++++ Data below
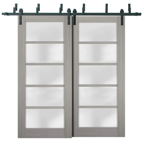 Quadro 4002 Interior Barn Bypass Sliding Doors With Frosted Glass MDF Black Finish 56x96 Inches Modern Style Set With Heavy Duty Rails Hangers Floor Guides Door Stops Anti Jump Pins And Screws Hardware Included
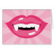 Cute pink cartoon illustration of a smiling vampire mouth with fangs on a pink background colour.
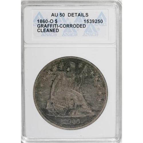 <B>1860-O $1 --Cleaned, Corroded, Graffiti--ANACS. AU50 Details.</B></I> NGC Census: (18/466). PCGS Population (46/720). Mintage: 515,000. Numismedia Wsl. Price for NGC/PCGS coin in AU50: $540. (#6950)<BR><BR><b>Shipping:</b> Coins & Currency (<a target="_blank" href="http://www.heritageauctions.com/common/shipping.php">view shipping information</a>)
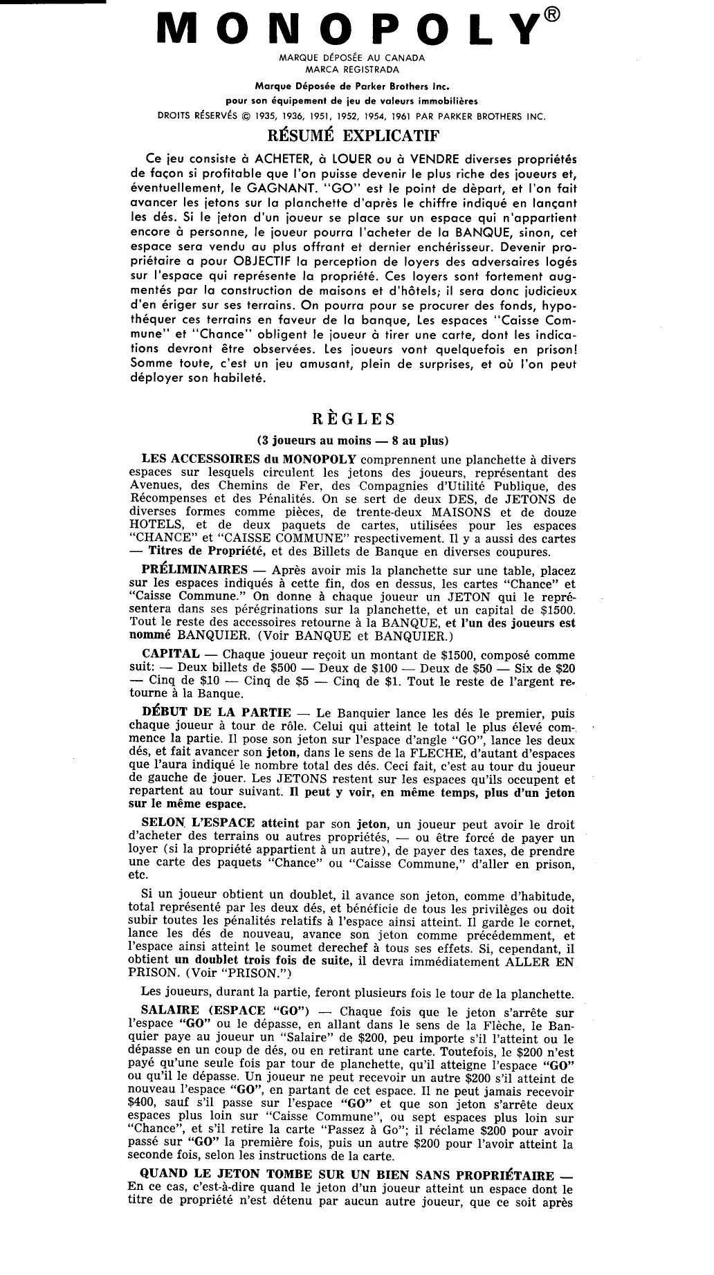 MONOPOLY - Jeux de société HASBRO - Notice d'utilisation et mode d'emploi gratuit
++++++++
[Required work]:
Return the material above verbatim, minus the pictures.

[Final answer]:
 Quadro 4002 Interior Barn Bypass Sliding Doors With Frosted Glass MDF Black Finish 56x96 Inches Modern Style Set With Heavy Duty Rails Hangers Floor Guides Door Stops Anti Jump Pins And Screws Hardware Included
 Cute pink cartoon illustration of a smiling vampire mouth with fangs on a pink background colour.
 <B>1860-O $1 --Cleaned, Corroded, Graffiti--ANACS. AU50 Details.</B></I> NGC Census: (18/466). PCGS Population (46/720). Mintage: 515,000. Numismedia Wsl. Price for NGC/PCGS coin in AU50: $540. (#6950)<BR><BR><b>Shipping:</b> Coins & Currency (<a target="_blank" href="http://www.heritageauctions.com/common/shipping.php">view shipping information</a>)
 MONOPOLY - Jeux de société HASBRO - Notice d'utilisation et mode d'emploi gratuit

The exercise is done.